#### Exercise inputs:
========

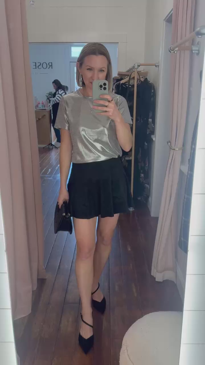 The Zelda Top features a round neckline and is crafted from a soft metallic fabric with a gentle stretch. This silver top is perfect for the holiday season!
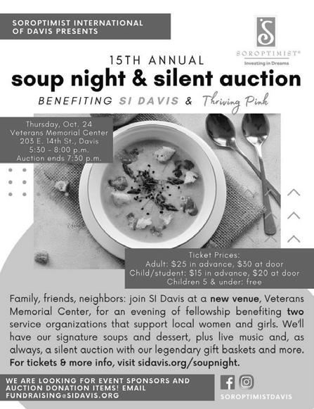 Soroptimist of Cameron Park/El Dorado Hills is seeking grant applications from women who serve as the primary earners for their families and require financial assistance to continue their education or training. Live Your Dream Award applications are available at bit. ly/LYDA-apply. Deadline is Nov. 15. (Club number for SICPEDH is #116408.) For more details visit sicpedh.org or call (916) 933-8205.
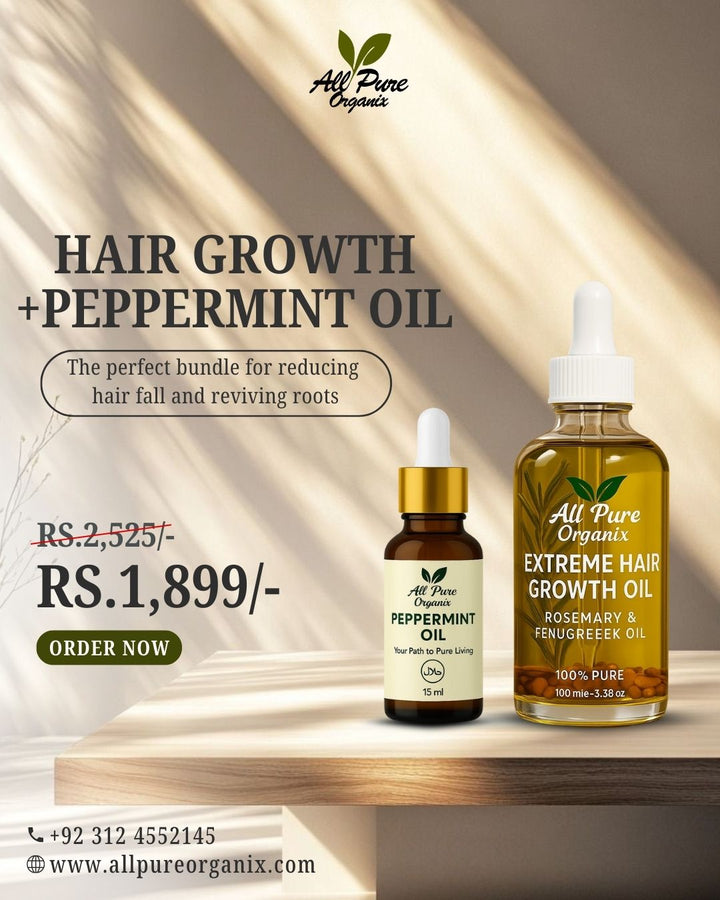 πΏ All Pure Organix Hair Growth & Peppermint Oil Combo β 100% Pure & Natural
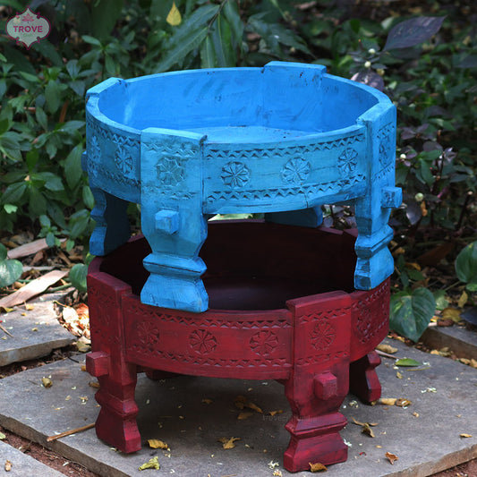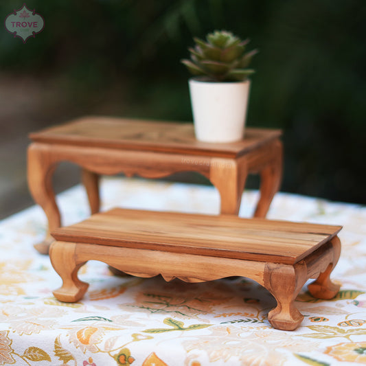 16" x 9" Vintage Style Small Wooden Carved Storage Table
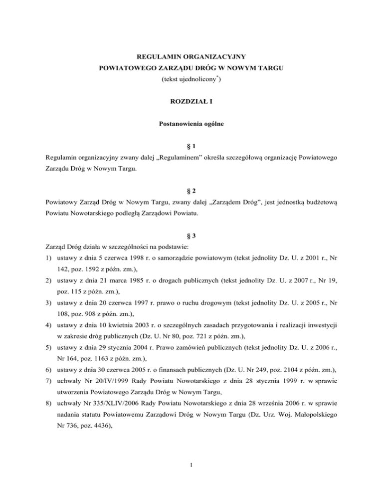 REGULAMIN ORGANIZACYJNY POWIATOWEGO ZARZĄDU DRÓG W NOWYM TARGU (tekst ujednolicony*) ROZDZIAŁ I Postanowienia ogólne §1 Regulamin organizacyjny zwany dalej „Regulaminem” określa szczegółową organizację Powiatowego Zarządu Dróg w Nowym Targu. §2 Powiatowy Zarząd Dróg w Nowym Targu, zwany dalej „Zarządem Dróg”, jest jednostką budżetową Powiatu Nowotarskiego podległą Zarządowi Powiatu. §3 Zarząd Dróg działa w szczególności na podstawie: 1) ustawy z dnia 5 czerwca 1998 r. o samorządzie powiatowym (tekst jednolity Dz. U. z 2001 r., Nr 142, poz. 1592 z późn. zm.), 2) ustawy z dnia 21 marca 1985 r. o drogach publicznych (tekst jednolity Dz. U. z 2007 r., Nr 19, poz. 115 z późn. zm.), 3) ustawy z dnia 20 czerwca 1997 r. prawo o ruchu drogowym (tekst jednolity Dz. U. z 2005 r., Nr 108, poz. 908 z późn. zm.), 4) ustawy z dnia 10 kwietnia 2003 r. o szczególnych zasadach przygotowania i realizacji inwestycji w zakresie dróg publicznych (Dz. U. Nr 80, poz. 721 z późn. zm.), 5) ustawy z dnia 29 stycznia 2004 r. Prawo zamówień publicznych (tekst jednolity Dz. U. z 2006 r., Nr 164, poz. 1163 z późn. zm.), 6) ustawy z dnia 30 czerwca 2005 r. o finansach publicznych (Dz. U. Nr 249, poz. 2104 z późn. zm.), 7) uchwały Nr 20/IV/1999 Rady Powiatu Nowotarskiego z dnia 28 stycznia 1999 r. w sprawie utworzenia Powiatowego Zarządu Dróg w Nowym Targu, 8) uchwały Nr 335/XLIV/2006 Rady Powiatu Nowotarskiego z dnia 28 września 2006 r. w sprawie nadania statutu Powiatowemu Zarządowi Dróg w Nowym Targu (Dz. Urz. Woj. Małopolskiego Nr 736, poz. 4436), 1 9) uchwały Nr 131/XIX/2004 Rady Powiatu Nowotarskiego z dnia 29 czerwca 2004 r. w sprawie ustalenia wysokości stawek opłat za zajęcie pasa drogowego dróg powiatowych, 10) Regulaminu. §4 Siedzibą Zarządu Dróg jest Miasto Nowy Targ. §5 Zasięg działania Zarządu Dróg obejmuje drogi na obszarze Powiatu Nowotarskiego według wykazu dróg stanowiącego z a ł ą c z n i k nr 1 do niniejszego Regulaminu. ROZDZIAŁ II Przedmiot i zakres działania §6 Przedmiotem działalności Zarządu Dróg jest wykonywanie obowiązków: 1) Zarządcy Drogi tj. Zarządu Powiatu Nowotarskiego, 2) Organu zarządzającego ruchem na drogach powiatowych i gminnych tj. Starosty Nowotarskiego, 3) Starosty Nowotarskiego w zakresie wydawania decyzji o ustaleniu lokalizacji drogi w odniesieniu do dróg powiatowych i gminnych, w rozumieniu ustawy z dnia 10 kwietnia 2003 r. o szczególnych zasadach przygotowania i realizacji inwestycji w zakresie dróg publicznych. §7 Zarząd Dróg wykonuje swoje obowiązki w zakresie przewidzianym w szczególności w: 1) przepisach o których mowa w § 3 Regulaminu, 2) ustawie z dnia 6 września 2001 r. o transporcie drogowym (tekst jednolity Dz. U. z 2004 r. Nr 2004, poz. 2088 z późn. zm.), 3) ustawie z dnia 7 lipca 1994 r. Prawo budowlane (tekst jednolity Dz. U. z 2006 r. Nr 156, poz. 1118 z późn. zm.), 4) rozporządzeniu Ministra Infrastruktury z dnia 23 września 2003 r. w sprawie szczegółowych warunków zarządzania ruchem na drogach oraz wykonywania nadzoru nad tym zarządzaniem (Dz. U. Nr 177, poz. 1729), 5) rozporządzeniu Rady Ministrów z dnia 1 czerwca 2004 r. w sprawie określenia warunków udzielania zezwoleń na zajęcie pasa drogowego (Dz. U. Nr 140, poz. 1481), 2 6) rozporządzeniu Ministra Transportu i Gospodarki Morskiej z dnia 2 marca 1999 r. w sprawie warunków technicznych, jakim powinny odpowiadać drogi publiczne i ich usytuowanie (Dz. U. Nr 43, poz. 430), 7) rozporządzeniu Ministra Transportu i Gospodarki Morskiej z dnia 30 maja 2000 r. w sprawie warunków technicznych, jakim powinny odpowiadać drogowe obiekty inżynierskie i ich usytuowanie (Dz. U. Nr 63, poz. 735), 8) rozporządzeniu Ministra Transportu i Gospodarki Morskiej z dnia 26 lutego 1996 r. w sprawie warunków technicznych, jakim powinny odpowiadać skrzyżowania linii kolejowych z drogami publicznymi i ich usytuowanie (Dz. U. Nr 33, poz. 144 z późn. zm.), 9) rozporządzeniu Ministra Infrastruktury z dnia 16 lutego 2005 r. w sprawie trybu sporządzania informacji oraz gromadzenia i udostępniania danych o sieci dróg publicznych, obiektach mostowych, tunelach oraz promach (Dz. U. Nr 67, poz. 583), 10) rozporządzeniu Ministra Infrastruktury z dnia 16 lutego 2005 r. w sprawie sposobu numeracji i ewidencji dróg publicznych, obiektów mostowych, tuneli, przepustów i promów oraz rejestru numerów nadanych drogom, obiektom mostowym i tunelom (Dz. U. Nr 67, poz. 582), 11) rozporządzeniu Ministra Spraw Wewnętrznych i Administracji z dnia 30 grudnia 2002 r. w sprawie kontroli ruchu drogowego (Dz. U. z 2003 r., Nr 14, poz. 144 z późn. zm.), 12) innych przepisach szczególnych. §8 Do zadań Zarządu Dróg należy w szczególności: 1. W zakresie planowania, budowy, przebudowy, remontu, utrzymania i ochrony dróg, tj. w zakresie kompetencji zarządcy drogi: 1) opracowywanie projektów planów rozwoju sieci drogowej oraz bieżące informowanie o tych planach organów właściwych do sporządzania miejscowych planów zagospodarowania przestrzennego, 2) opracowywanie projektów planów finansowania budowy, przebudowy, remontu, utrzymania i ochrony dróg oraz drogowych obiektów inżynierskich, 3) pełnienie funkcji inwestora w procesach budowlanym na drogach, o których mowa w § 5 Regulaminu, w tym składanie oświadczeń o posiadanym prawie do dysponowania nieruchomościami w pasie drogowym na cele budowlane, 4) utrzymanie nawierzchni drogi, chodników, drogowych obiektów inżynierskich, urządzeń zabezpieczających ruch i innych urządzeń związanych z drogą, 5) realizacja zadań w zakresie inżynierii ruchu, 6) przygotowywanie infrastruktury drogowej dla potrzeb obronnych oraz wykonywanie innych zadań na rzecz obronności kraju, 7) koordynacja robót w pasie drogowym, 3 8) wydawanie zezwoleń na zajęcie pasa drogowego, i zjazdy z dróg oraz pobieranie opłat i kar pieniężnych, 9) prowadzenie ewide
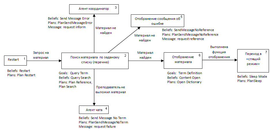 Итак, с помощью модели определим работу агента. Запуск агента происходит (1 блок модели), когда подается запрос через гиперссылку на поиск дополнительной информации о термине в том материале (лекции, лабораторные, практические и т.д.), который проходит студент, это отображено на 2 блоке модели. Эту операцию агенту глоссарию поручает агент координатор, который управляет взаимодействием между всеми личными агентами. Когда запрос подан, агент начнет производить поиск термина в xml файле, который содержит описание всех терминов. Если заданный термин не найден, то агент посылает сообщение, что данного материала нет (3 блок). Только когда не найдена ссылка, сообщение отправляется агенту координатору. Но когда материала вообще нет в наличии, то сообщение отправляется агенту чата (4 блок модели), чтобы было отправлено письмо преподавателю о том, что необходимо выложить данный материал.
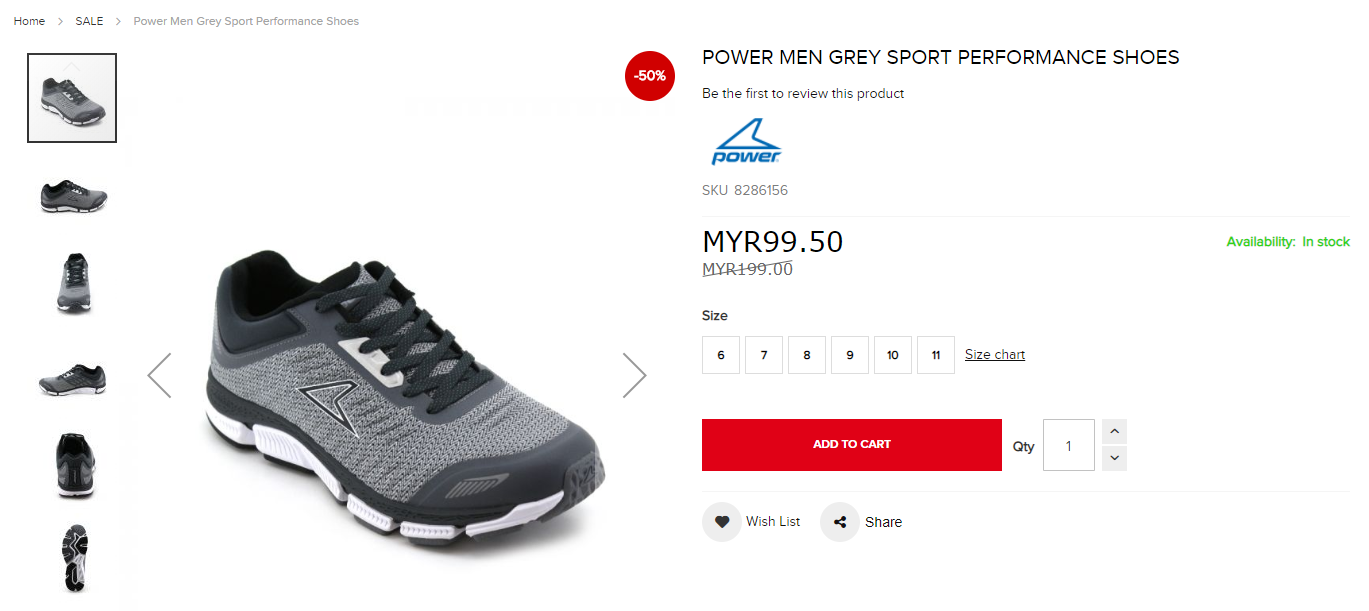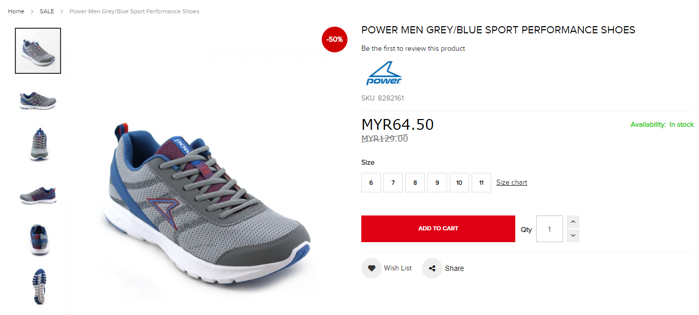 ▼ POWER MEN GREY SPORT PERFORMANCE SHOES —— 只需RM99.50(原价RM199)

========

#### Exercise aim:
Give again, exactly as written above, every line from the one holding "πΏ All Pure" to the one holding "Carved Storage Table", with both ends kept and the pictures left out.

#### Solution below:
 πΏ All Pure Organix Hair Growth & Peppermint Oil Combo β 100% Pure & Natural
 16" x 9" Vintage Style Small Wooden Carved Storage Table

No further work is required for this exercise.